Driver distraction detection and recognition using RGB-D sensor
C\'eline Craye, Fakhri Karray

TL;DR
This paper presents a multi-modal RGB-D sensor system using Kinect to detect and recognize driver distraction types with high accuracy, integrating multiple behavioral modules and classification strategies for real-time in-car application.
Contribution
It introduces a novel multi-module system combining gaze, arm, head, and facial analysis with AdaBoost and HMM classifiers for driver distraction recognition.
Findings
85% accuracy in distraction type recognition
90% accuracy in distraction detection
Modules are independently usable for other inferences like fatigue detection
Abstract
Driver inattention assessment has become a very active field in intelligent transportation systems.

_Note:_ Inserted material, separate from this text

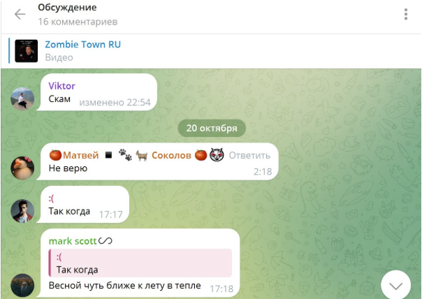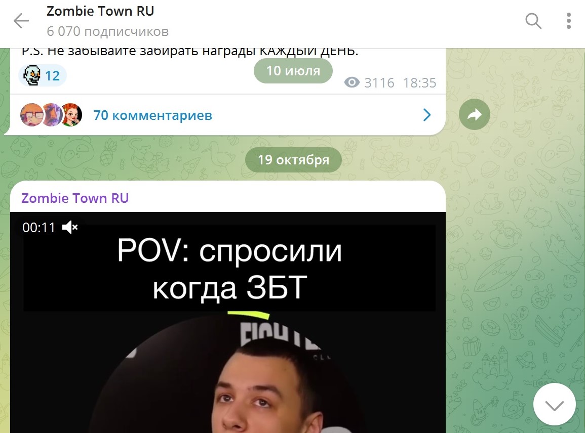 Обзор каналов и чатов «Зомби Таун» в Телеграмме

Based on active sensor Kinect and computer vision tools, we have built an efficient module for detecting driver distraction and recognizing the type of distraction. Based on color and depth map data from the Kinect, our system is composed of four sub-modules. We call them eye behavior (detecting gaze and blinking), arm position (is the right arm up, down, right of forward), head orientation, and facial expressions. Each module produces relevant information for assessing driver inattention. They are merged together later on using two different classification strategies: AdaBoost classifier and Hidden Markov Model. Evaluation is done using a driving simulator and 8 drivers of different gender, age and nationality for a total of more than 8 hours of recording. Qualitative and quantitative…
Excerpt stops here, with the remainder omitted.